* _EXERCISE PROMPT_: Where the listing below has a line with "Посмотрел я на", write out exactly that line and every line after it, stopping after the line with "- You know what".
### EXERCISE DATA ###
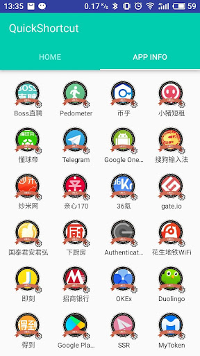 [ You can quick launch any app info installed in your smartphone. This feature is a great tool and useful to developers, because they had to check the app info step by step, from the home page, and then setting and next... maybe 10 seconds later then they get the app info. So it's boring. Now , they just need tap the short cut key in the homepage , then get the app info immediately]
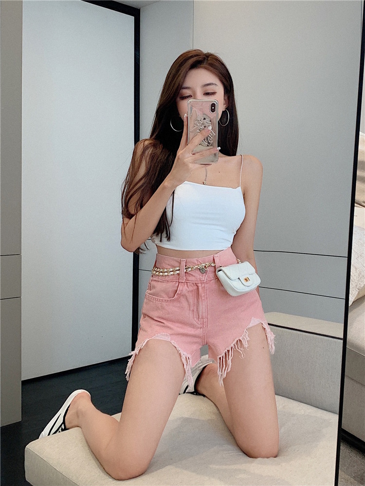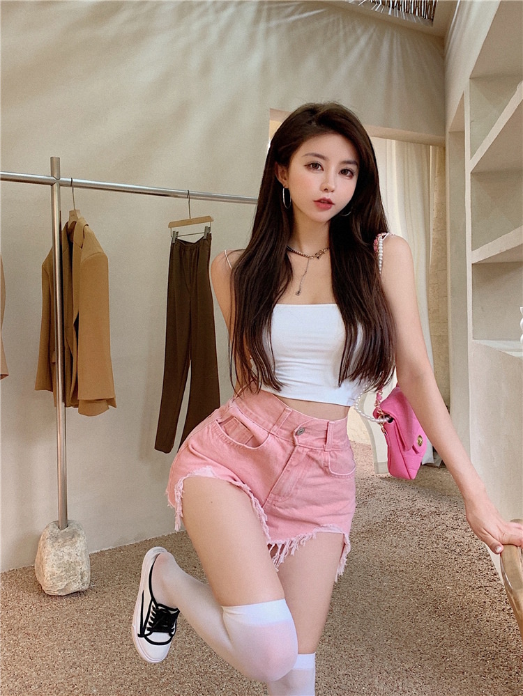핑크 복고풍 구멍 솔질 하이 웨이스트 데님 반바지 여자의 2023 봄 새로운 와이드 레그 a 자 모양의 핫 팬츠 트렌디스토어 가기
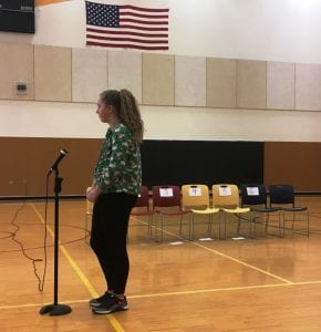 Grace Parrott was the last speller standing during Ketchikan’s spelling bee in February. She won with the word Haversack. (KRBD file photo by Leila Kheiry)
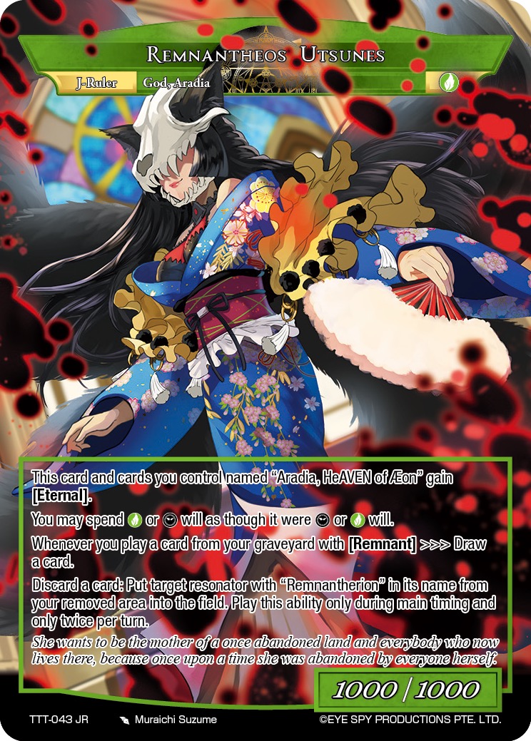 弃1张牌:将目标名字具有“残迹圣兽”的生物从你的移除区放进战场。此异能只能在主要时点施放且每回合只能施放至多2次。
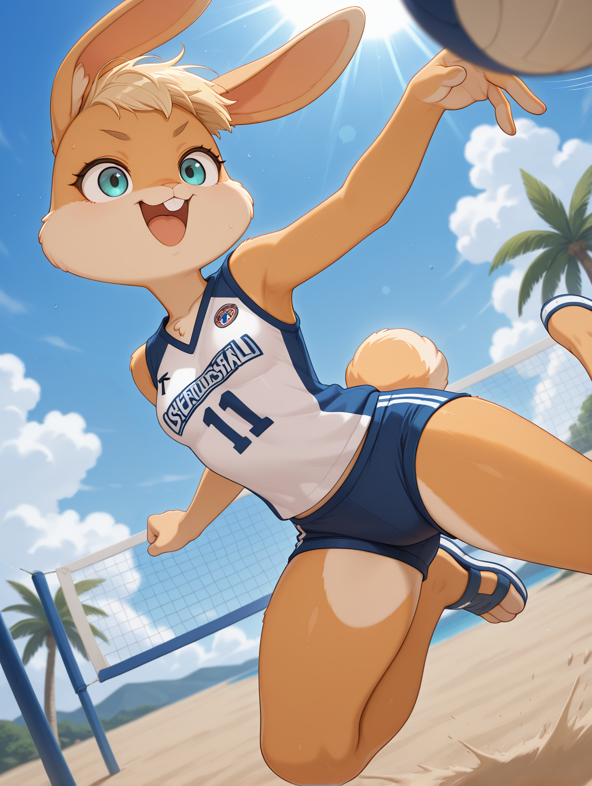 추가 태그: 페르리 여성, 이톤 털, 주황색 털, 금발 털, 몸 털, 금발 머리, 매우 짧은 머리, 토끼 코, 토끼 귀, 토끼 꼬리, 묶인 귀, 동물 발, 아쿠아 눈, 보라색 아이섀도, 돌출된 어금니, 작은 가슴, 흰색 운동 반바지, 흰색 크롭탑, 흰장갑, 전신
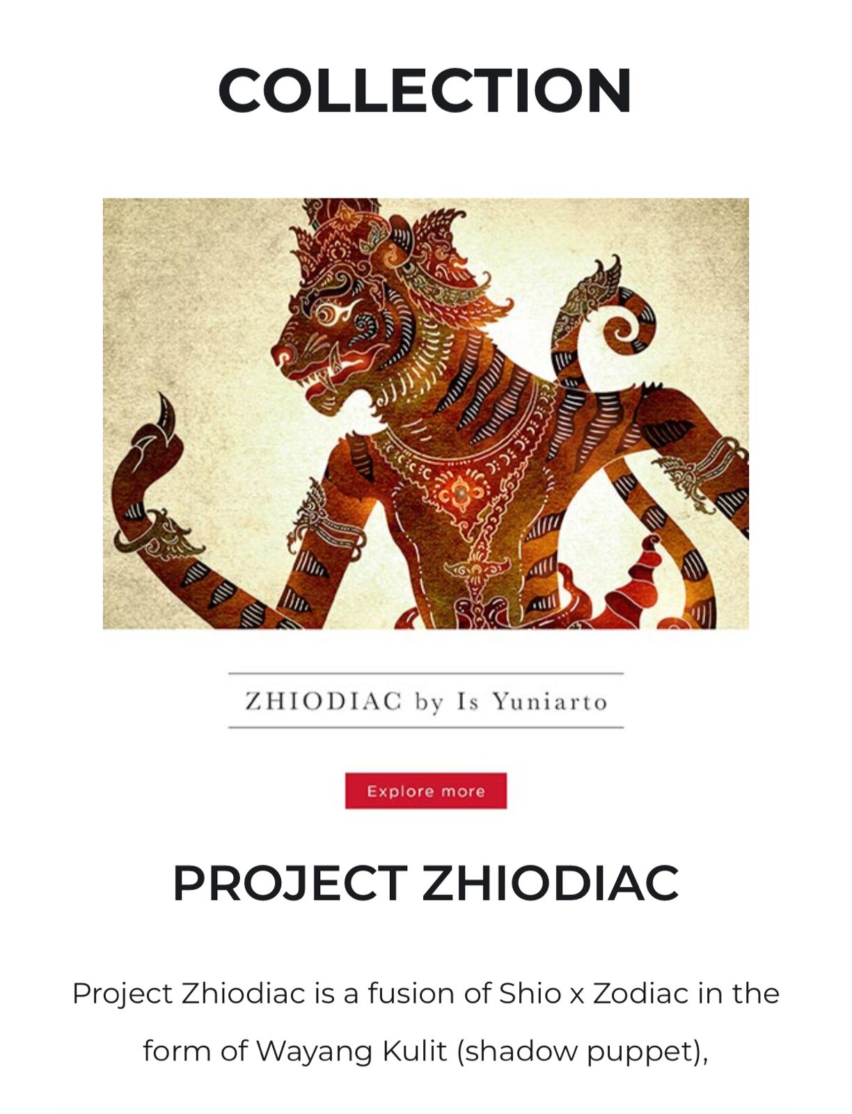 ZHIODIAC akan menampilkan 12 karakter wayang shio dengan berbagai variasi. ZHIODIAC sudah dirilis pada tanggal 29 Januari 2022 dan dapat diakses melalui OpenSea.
###
### EXERCISE DATA ###
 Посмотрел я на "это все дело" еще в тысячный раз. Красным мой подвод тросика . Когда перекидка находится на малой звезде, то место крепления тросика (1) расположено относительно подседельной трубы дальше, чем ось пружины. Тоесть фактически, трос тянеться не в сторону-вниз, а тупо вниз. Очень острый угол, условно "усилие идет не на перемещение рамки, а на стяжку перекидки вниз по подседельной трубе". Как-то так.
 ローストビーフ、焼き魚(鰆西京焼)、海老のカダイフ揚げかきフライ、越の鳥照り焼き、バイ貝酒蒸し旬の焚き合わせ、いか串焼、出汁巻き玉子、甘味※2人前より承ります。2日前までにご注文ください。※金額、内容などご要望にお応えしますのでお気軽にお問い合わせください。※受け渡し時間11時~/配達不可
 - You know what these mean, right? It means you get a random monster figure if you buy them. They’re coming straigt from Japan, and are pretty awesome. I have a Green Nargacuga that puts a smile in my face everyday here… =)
###
* _YOUR SOLUTION_:
 Посмотрел я на "это все дело" еще в тысячный раз. Красным мой подвод тросика . Когда перекидка находится на малой звезде, то место крепления тросика (1) расположено относительно подседельной трубы дальше, чем ось пружины. Тоесть фактически, трос тянеться не в сторону-вниз, а тупо вниз. Очень острый угол, условно "усилие идет не на перемещение рамки, а на стяжку перекидки вниз по подседельной трубе". Как-то так.
 ローストビーフ、焼き魚(鰆西京焼)、海老のカダイフ揚げかきフライ、越の鳥照り焼き、バイ貝酒蒸し旬の焚き合わせ、いか串焼、出汁巻き玉子、甘味※2人前より承ります。2日前までにご注文ください。※金額、内容などご要望にお応えしますのでお気軽にお問い合わせください。※受け渡し時間11時~/配達不可
 - You know what these mean, right? It means you get a random monster figure if you buy them. They’re coming straigt from Japan, and are pretty awesome. I have a Green Nargacuga that puts a smile in my face everyday here… =)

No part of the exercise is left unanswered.